*** Data extract Section Begins ***
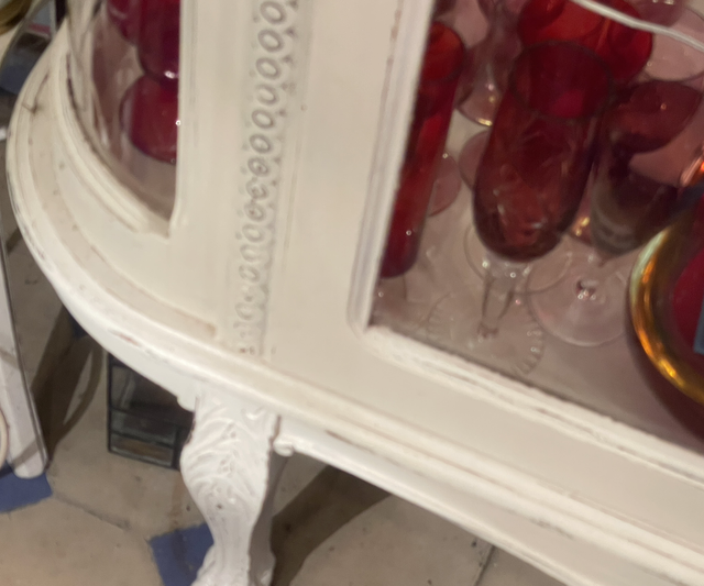 Weiße antike Vitrine mit Glastüren
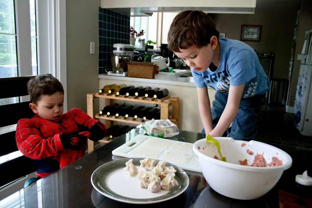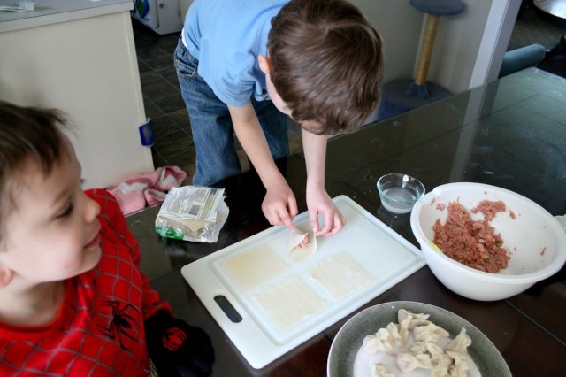 By the end we had filled up two plates with wontons. There were way too many of them for us to eat in one night, so I only used half of them for the soup and the rest I boiled and froze for later. I had extra meat too, so I fried it and added it to the soup. The kids enjoyed them, but they were a bit to big for them to eat whole so I cut them into smaller pieces. They tend to like meals more when they’ve helped make them. It took a lot longer than if I had just done it myself, but I think it’s worth it if gets them to eat their dinner. I also think it’s important for them to get involved with preparing meals at an early age. I’m hoping they’ll gain an appreciation for cooking food and will continue to do so for their own families one day. That’s my hope anyway. Whether or not it will actually happen remains to be seen, but for now I’m just enjoying quality time with my boys. They’re pretty special little guys. Heck, one of them is Spiderman!
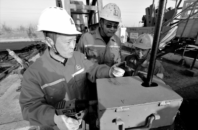 在胜利油田孤岛作业区,油田技能大师牵头,组织技术骨干走进修井现场,对员工遇到的生产难题立项攻关。图为11月25日,技能大师白瑞义(左)指导员工通过使用新研制的卡阻管杆断杆工具解决抽油杆卡钻难题。 王国章 摄 刘玉鹏 王 峰 文
*** Data extract Section Ends ***
When you transcribe the lines above, keep every word exact but leave the pictures behind.

 Weiße antike Vitrine mit Glastüren
 By the end we had filled up two plates with wontons. There were way too many of them for us to eat in one night, so I only used half of them for the soup and the rest I boiled and froze for later. I had extra meat too, so I fried it and added it to the soup. The kids enjoyed them, but they were a bit to big for them to eat whole so I cut them into smaller pieces. They tend to like meals more when they’ve helped make them. It took a lot longer than if I had just done it myself, but I think it’s worth it if gets them to eat their dinner. I also think it’s important for them to get involved with preparing meals at an early age. I’m hoping they’ll gain an appreciation for cooking food and will continue to do so for their own families one day. That’s my hope anyway. Whether or not it will actually happen remains to be seen, but for now I’m just enjoying quality time with my boys. They’re pretty special little guys. Heck, one of them is Spiderman!
 在胜利油田孤岛作业区,油田技能大师牵头,组织技术骨干走进修井现场,对员工遇到的生产难题立项攻关。图为11月25日,技能大师白瑞义(左)指导员工通过使用新研制的卡阻管杆断杆工具解决抽油杆卡钻难题。 王国章 摄 刘玉鹏 王 峰 文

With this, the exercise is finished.